- Born: May 6, 1869 Baltimore, Maryland
- Died: October 13, 1933 (aged 64) Baltimore, Maryland
- Occupations: Botanist and lichenologist

= Charles Christian Plitt =

American botanist and lichenologist

Charles Christian Plitt (6 May 1869 – 13 October 1933) was a botanist and lichenologist. Species of lichens that have been named in Charles Plitt's honor are: Pyrenula plittii R.C.Harris, Xanthoparmelia plittii (Gyelnk) Hale, and Pertusaria plittiana Erichsen.

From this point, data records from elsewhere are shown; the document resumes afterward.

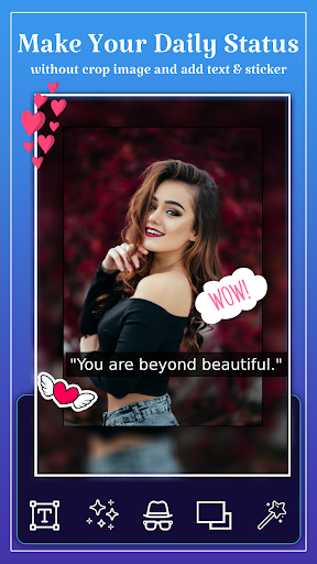 The App give you daily new readymade status to set on social media. same as your profile picture you can make status without cropping your image.
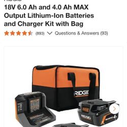 Ridgid 4.0ah battery Kit$175Menifee, CA
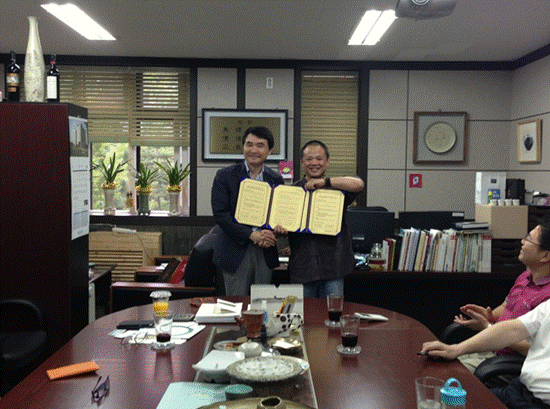 伟德BETVLCTOR伟德BETVLCTOR从2010年开始,一直与公州大学伟德BETVLCTOR保持了密切的联系。2013年,伟德BETVLCTOR王继平副校长帅访问团访问公州大学,并签订了两校伟德BETVLCTOR合作框架协议。此次会谈中,执行院长黎青教授与公州大学伟德BETVLCTOR金元硕教授就两院的合作前景和合作内容展开了充分的沟通和交流,并决定由专业(系部)合作层面上升到院际全面交流,展开了全新的合作探讨。目前双方共同达成的合作意向为:以“2+2”的合作形式,共同创建一个中韩“文化融合设计”专业方向,具体细节合作内容再进一步双方共同在合作细则中商榷形成。双方在友好、愉快的氛围中签订了合作协议书,刘长庚校长在会谈现场对这次两院的合作内容也给与了高度的赞赏和认同,认为“文化融合设计”这个概念既符合国际趋势,也符合两国国情。
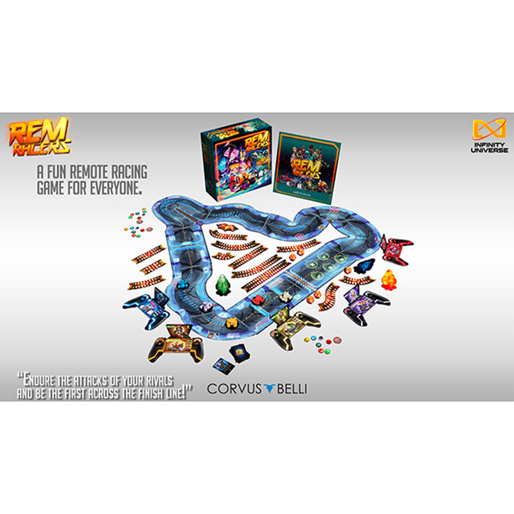 REM Racers is a fun remotes racing game for the whole family, set in Infinity's sci-fi universe. The goal is to win the race by being the first to cross the finish line while survive your rival's attacks. To do so, you will have to drive your remote with movement templates and manage your equipment cards to get your rivals off the track or prevent them from doing the same.

Plitt graduated from Baltimore City College with honors, and in 1891 received the Graduate degree in Pharmacy (Ph. G) from the Maryland College of Pharmacy. In 1921, the degree of Doctor of Science was conferred upon him by the International Academy of Science. He lived in Baltimore, Maryland his entire life.

For more than 36 years, Charles Plitt taught botany and general science in the public schools of Baltimore and for his last twenty years at Baltimore City college. During a portion of this time, Plitt served part-time as a member of the research staff of the Maryland College of Pharmacy. Upon becoming chairman of that institution, he gave up teaching in public schools.

Beginning in the 1890s, Plitt became an avid collector of plants and lichens. He led Saturday afternoon trips around the Baltimore area to botanize and instruct others interested in plant identification. He called these botanical excursions "tramps". Plitt kept accurate notes on each of these trips and eventually accumulated enough data to fill 29 volumes. According to The Sun, a Baltimore newspaper, he made 3,153 tramps between 1899 and 1922. (Sipple 1999) These journals are a priceless record of the varied species of plants which once grew in habitats now buried beneath urban landscapes.

Irwin Murray Brodo, a world authority on the identification and biology of lichens, reported that Plitt had a private collection of over 10,000 lichen specimens. This collection was estimated to be the third largest at the time. (Brodo 2000) In 1908, Plitt gave a talk to the Sullivant Moss Society which was meeting in Baltimore, and a year later published an abstract of this talk in The Bryologist. (Plitt 1908) Apparently some of the specimens that he used for that talk were found by Charlie Davis in little glass boxes in the archives of The Natural History Society of Maryland. After the death of the lichenologist Hermann Edward Hasse and in behalf of the Sullivant Moss Society Plitt edited the exsiccata Lichenes exsiccati ex herb. Dr. H. E. Hasse relicti.